Fruquintinib

Fruquintinib is a prescription medication indicated for the treatment of adults with metastatic colorectal cancer who have been previously treated with fluoropyrimidine-, oxaliplatin-, and irinotecan-based chemotherapy, an anti-vascular endothelial growth factor (VEGF) therapy, and, if RAS wild-type and medically appropriate, an anti-epidermal growth factor receptor therapy.

• Fruquintinib is available under the following different brand names: Fruzaqla

Common side effects of Fruquintinib include:

• voice changes or hoarseness
• diarrhea
• stomach-area (abdominal) pain 
• weakness, lack of strength and energy, and feeling very tired or sleepy (asthenia)

Serious side effects of Fruquintinib include:

• high blood pressure (hypertension)
• severe bleeding (hemorrhage)
• protein in your urine (proteinuria)
• hand-foot skin reactions
• posterior reversible encephalopathy syndrome
• wound healing problems
• blood clots in your blood vessels
• liver problems such as yellowing of the skin or the white part of the eyes, loss of appetite, nausea or vomiting, dark colored (tea-colored) urine, bleeding or bruising, pain in the right upper stomach area

Rare side effects of Fruquintinib include:

• none

Seek medical care or call 911 at once if you have the following serious side effects:

• Severe headache, confusion, slurred speech, arm or leg weakness, trouble walking, coordination loss, unsteady, very stiff muscles, high fever, profuse sweating, or tremors.
• Serious eye symptoms such as sudden vision loss, blurred vision, tunnel vision, eye pain or swelling, or seeing halos around lights.
• Serious heart symptoms include fast, irregular, or pounding heartbeats; fluttering in the chest; shortness of breath; sudden dizziness, lightheadedness, or passing out.

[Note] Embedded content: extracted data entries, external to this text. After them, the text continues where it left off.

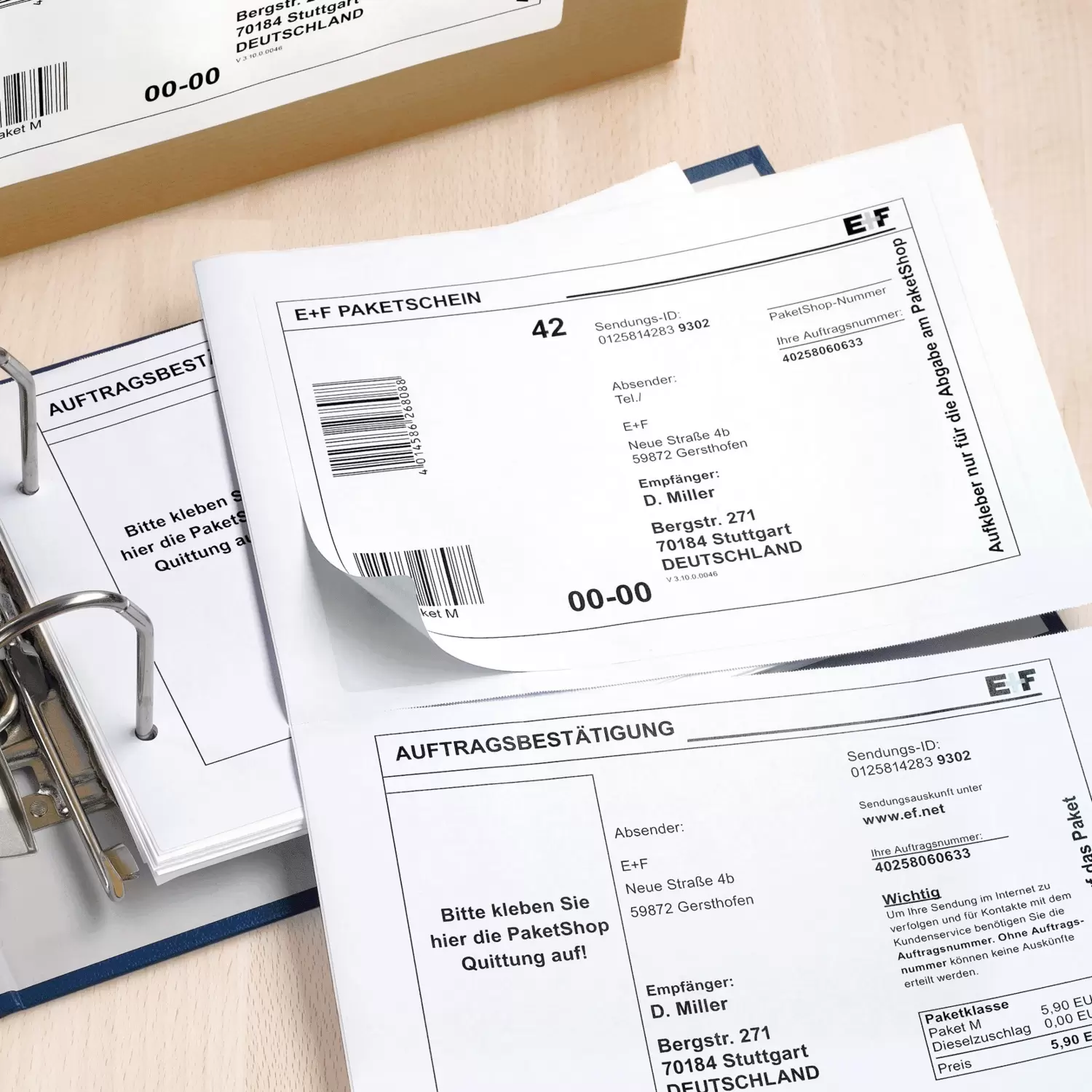 Shipping label + delivery note A4, 182 x 130 mm, white, opaque, permanent adhesion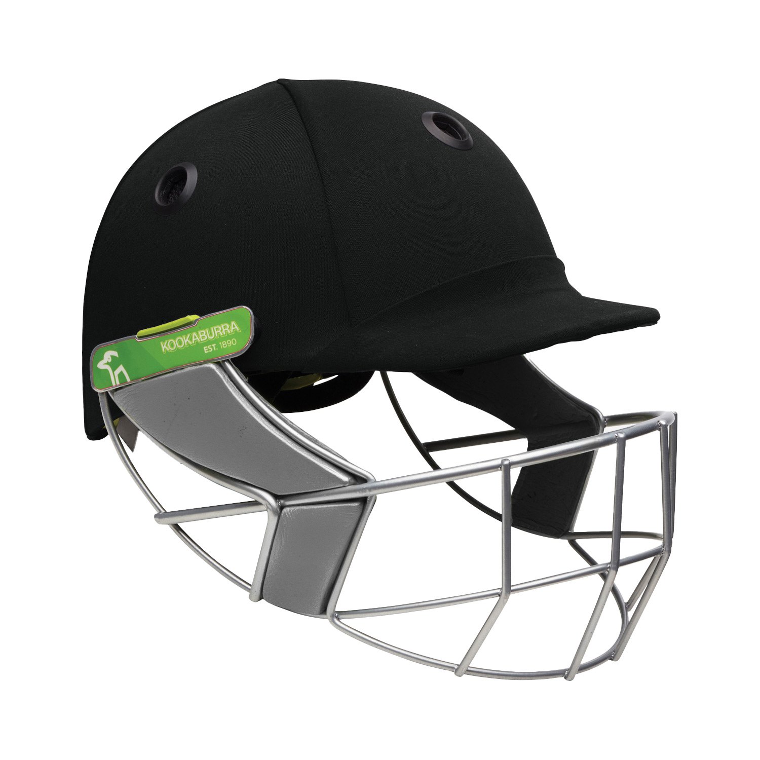 Kookaburra Pro 1200 Helmet with Neck Guard delivers lightweight ABS protection, steel faceguard, and a custom fit dial for safety and comfort at the crease.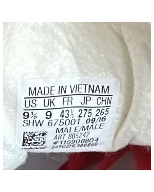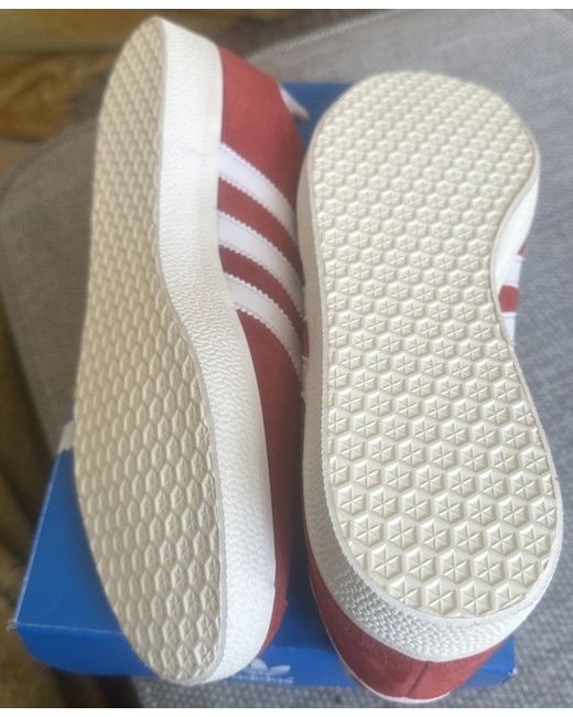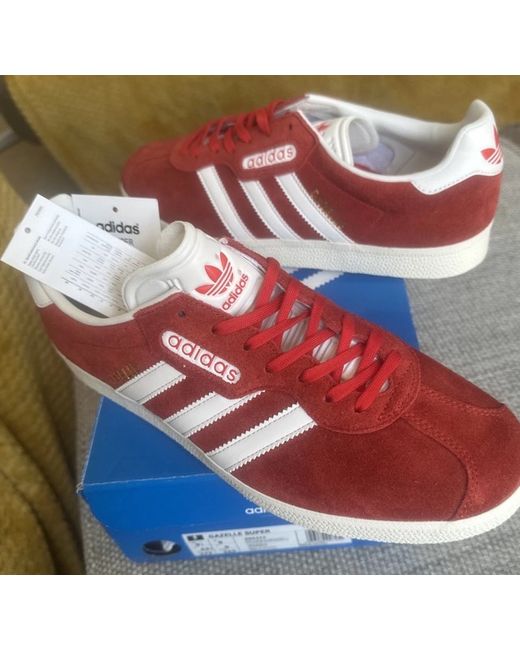 This product is a pair of men's Adidas Super 2016 trainers in UK size 9. The shoes feature a low top style with a lace-up closure and a red colourway. Made with suede upper material and a foam insole for comfort, these sneakers have a standard shoe width and a rubber outsole for durability. The vintage design adds a classic touch to this Adidas release from 2016. Made in Vietnam, these trainers are part of the adidas Gazelle product line.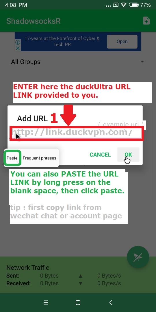 You need to DOWNLOAD then INSTALL DuckVPN ShadowSocksR App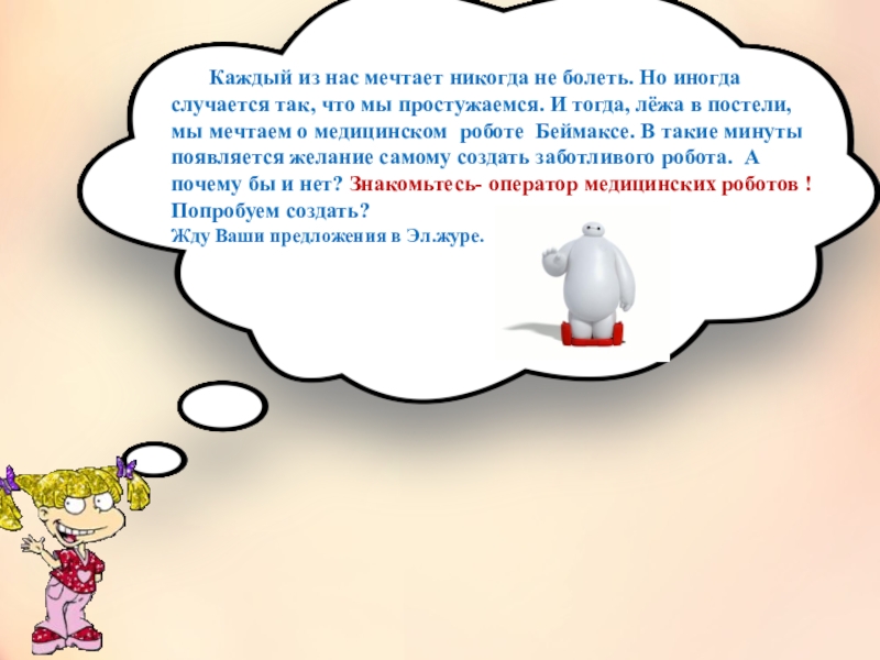 Но иногда случается так, что мы простужаемся. И тогда, лёжа в постели, мы мечтаем о медицинском роботе Беймаксе. В такие минуты появляется желание самому создать заботливого робота. А почему бы и нет? Знакомьтесь- оператор медицинских роботов ! Попробуем создать?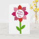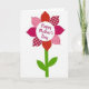 Designed with a simple, friendly style, this card features a single flower emblem centered on a bright white background, like a small token of affection shared between close friends or sweethearts ❤️. The bloom is made of rounded, oval petals arranged in a neat circle, with pinks, reds, and deep fuchsia creating a cozy patchwork look. Some petals show tiny white stars on red, others have soft check patterns in lighter pink, and a few include small dotted motifs that add gentle texture. In the middle, a white circular center holds a short celebratory message in flowing lettering, set in a dark ink for clear contrast. A slim green stem drops straight down from the flower, giving the design a calm, balanced feel. Two curved green leaves spread out near the base, adding a fresh touch like a quiet garden moment 🌼. The lighting stays even and bright, keeping the colors crisp and the shapes easy to see. The flower’s center text sits inside the white circle, framed by the ring of patterned petals above the thin green stem and two leaves.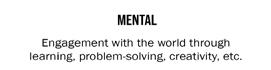 Wellness encompasses 8 mutually interdependent dimensions: physical, intellectual, emotional, social, spiritual, vocational, financial, and environmental. Attention must be given to all the dimensions, as neglect of any one over time will adversely affect the others, and ultimately one’s health, well-being, and quality of life. They do not, however, have to be equally balanced. We should aim, instead, to strive for a “personal harmony” that feels most authentic to us. We naturally have our own priorities, approaches, and aspirations, including our own views of what it means to live life fully.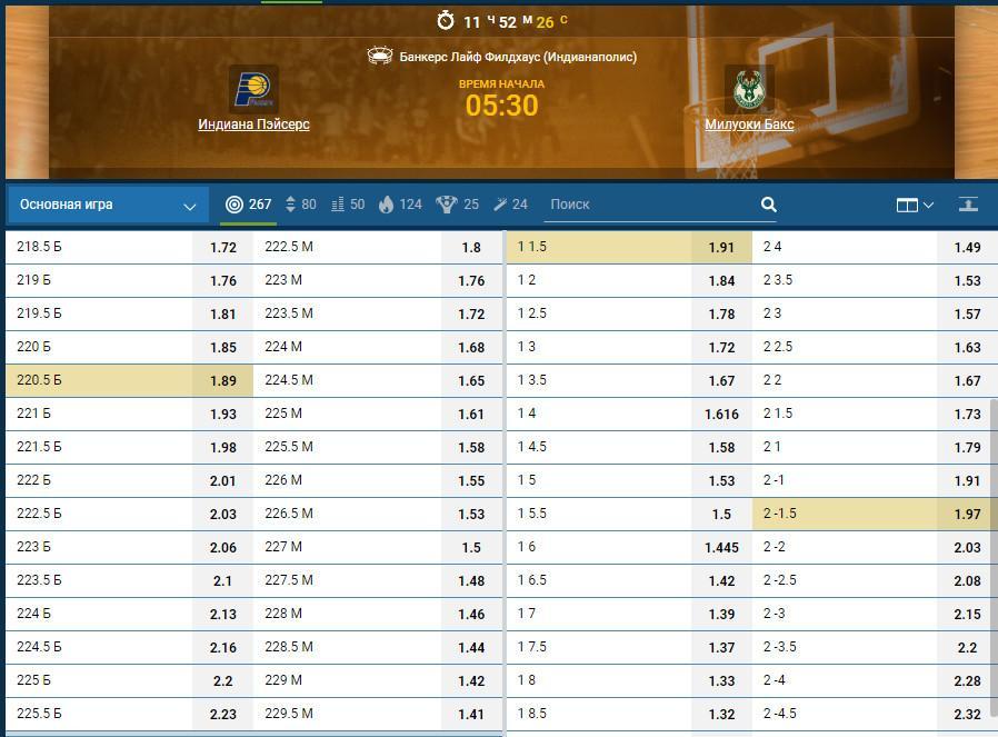 Мы ищем поединки клубов примерно одного уровня, где вероятны «качели» (преимущество переходит от одной команде к другой). В качестве образца рассмотрим матч НБА между «Индиана Пэйсерс» и «Милуоки Бакс». Судя по котировкам, «Бакс» считается неявным фаворитом поединка. Компания «1Х Ставка» предлагает их чистую победу за 1,885. Мы же попробуем взять одновременно Ф1 (+4,5) за 1,58 и Ф2 (-1,5) за 1,97.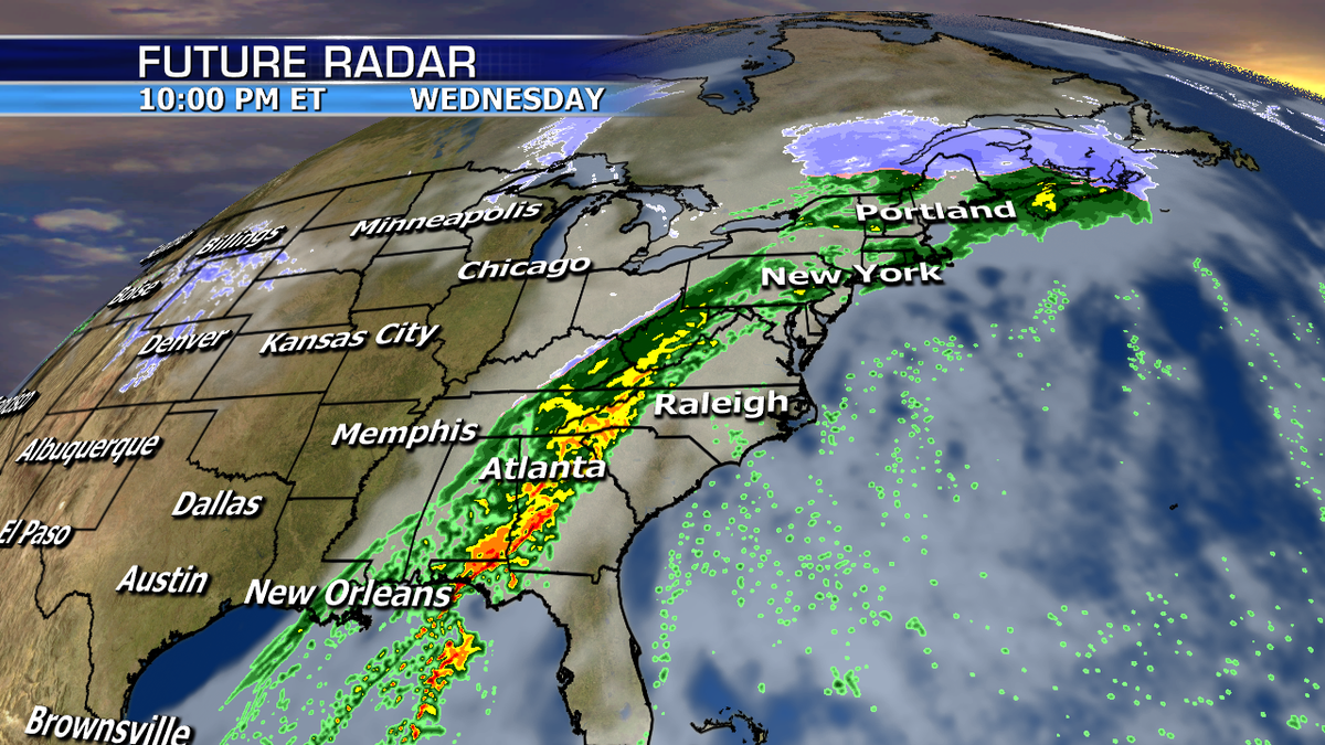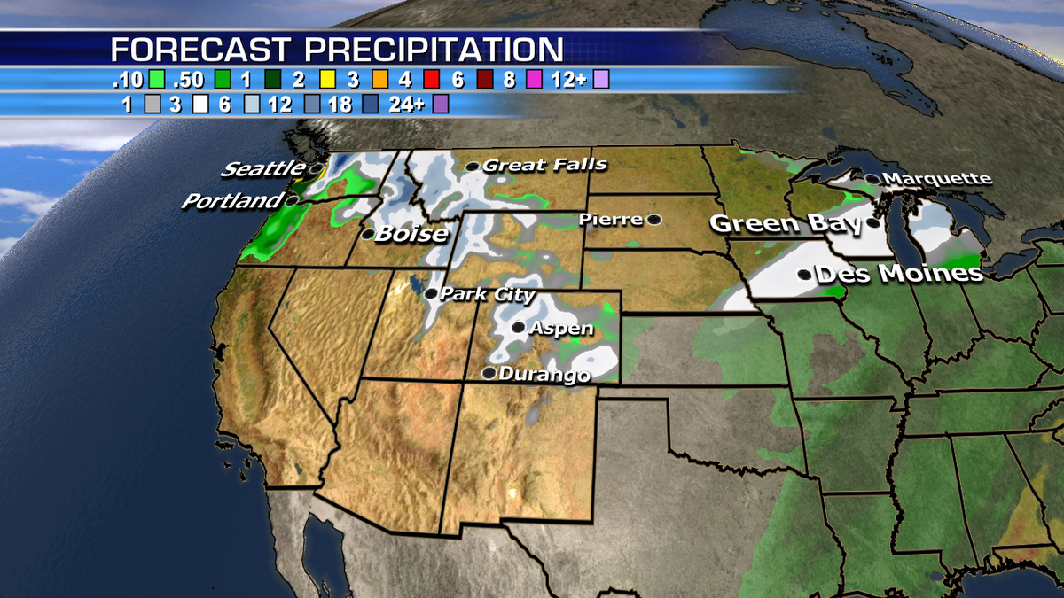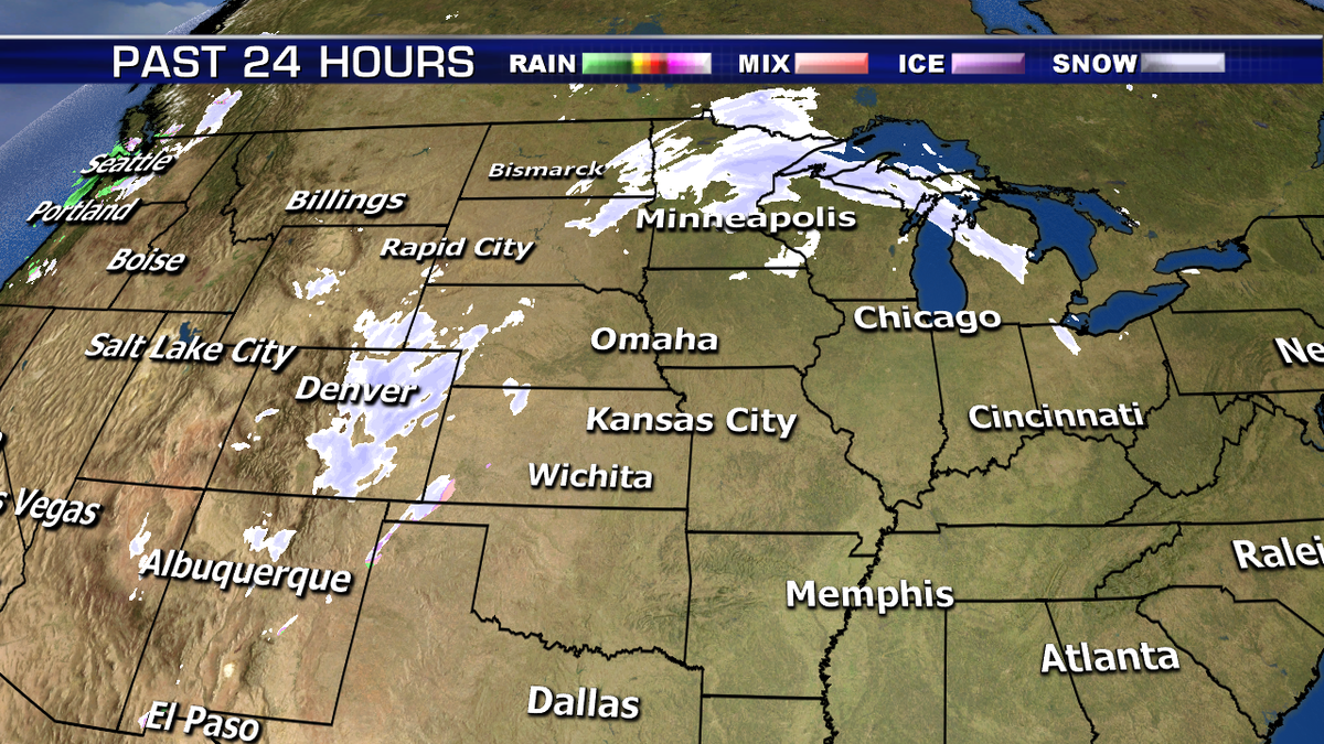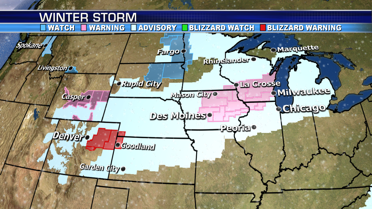 Snow, rain, and freezing rain will stretch from the Front Range and Plains to the Midwest today. Wind gusts to 50mph are also creating whiteout and blizzard conditions across northeastern Colorado and northwestern Kansas. This wintry precipitation reaches the interior Northeast on Wednesday.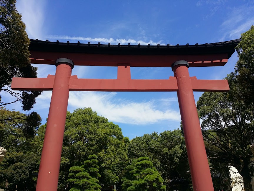 非常に大きな鳥居をくぐると、左手には池があり、正面に大きな神社がそびえています。

This is not a complete list of side effects and other serious side effects or health problems that may occur because of the use of this drug. Call your doctor for medical advice about serious side effects or adverse reactions. You may report side effects or health problems to FDA at 1-800-FDA-1088.

Adult dosage

Capsule

• 1 mg
• 5 mg

Colorectal cancer

Adult dosage

• Each cycle is 28 days
• 5 mg orally once a day on the first 21 days of each cycle
• Continue until disease progression or unacceptable toxicity

Dosage Considerations – Should be Given as Follows:

• See “Dosages”

If your medical doctor is using this medicine to treat your pain, your doctor or pharmacist may already be aware of any possible drug interactions and may be monitoring you for them. Do not start, stop, or change the dosage of any medicine before checking with your doctor, healthcare provider, or pharmacist first.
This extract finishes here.